- Church: St Augustine's Abbey
- Appointed: 1163
- Term ended: 1173
- Predecessor: Silvester
- Successor: Roger

Personal details
- Died: 18 March

= Clarembald (abbot) =

Clarembald was a medieval Benedictine monk and abbot-elect of St Augustine's Abbey in Canterbury, Kent.

Clarembald was a native of Normandy before he became prior of the Cluniac house Montacute Priory in 1155. Around 1158 he became prior of Thetford Priory, which he held until 1163.

Clarembald was appointed to St Augustine's in 1163, at the command of King Henry II of England. After his appointment, he refused to make a profession of obedience to Thomas Becket, the Archbishop of Canterbury, claiming that the abbey was exempt from oversight by the archbishop and that swearing obedience would compromise the abbey's independence. Pope Alexander III ordered Clarembald to swear to obey Becket on 10 July 1165, but offered two small concessions – one that the form should be in the same form that previous abbots had sworn and secondly that the oath would not preclude further legal actions on whether the profession was required. Clarembald, who was supported in his defiance of the archbishop by the king, continued to refuse to swear to obey Becket and was never consecrated as abbot. He remained as abbot-elect for his entire time in office.

In late 1167 Clarembald was a member of a royal deputation to the papacy, along with Reginald fitzJocelin, Simon de Prisun, and Henry of Northampton. The envoys were part of diplomatic efforts on behalf of the king as part of the Becket controversy between the king and Becket.

In 1168 the monks of St Augustine's complained to the papacy that Clarembald was allowing infants and small children to become monks of their abbey. (Note: The monks actual complaint was, in the words of David Knowles, "that infants recently at nurse" had been "clothed with the habit".) The monks were given a papal ruling that stated no one should be allowed to become a monk younger than age 15. The next year Clarembald was the sole supporter of a royal effort to remove England from papal and archiepiscopal authority. Clarembald was appointed to conduct the sheriff's inquest of 1170 in Kent and other southern counties.
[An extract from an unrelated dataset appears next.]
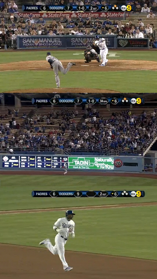 푸이그의 활약으로 다저스는 9대7 역전승을 거두고 2연승을 달렸다. <스포츠조선닷컴>
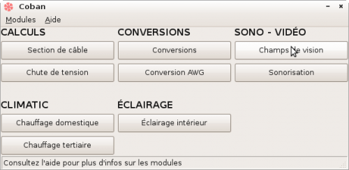 Coban est un logiciel qui regroupe sous un même lanceur plusieurs applications indépendantes de calculs électriques :

On 29 December 1170, Clarembald was host to the four knights, Reginald fitzUrse, Hugh de Morville, William de Tracy, and Richard le Breton, who were on their way to confront Becket. The knights asked Clarembald's advice, and the abbot-elect sent a knight of the abbey, Simon de Criol, along with the other four to confront the archbishop, which led to the murder of the archbishop later that day.

The monks of St Augustine's had long complained that their abbot was incompetent, stole revenues meant for the monks, sold property belonging to the abbey for his own use, and accepted bribes. The dispute between Becket and the king appears to have delayed the papacy noticing the dire straits the abbey had fallen into, but after Becket's death in 1173 the situation finally resulted in papal action. Clarembald was deposed from his abbacy in 1173, by a papal commission composed of Bartholomew Iscanus the Bishop of Exeter, Roger the Bishop of Worcester, and the abbot of Faversham. (Note: The abbot of Faversham was also named Clarembald.) The judgement of deposition was seen by the judges as not just a punishment for Clarembald's offences against his monks, but also as a punishment for his involvement in the murder of Becket. (Note: The judges granted absolution to those monks who were forced by Clarembald to be involved in events around Becket's murder.) Clarembald had fled the abbey before the commission arrived, and his later career is unknown. Clarembald probably died on 18 March, when his obituary was remembered at St. Augustine's, but the year is not known.

The historian David Knowles called Clarembald a "worthless monk from overseas". Clarembald's contemporary, John of Salisbury, called him "God's rejected".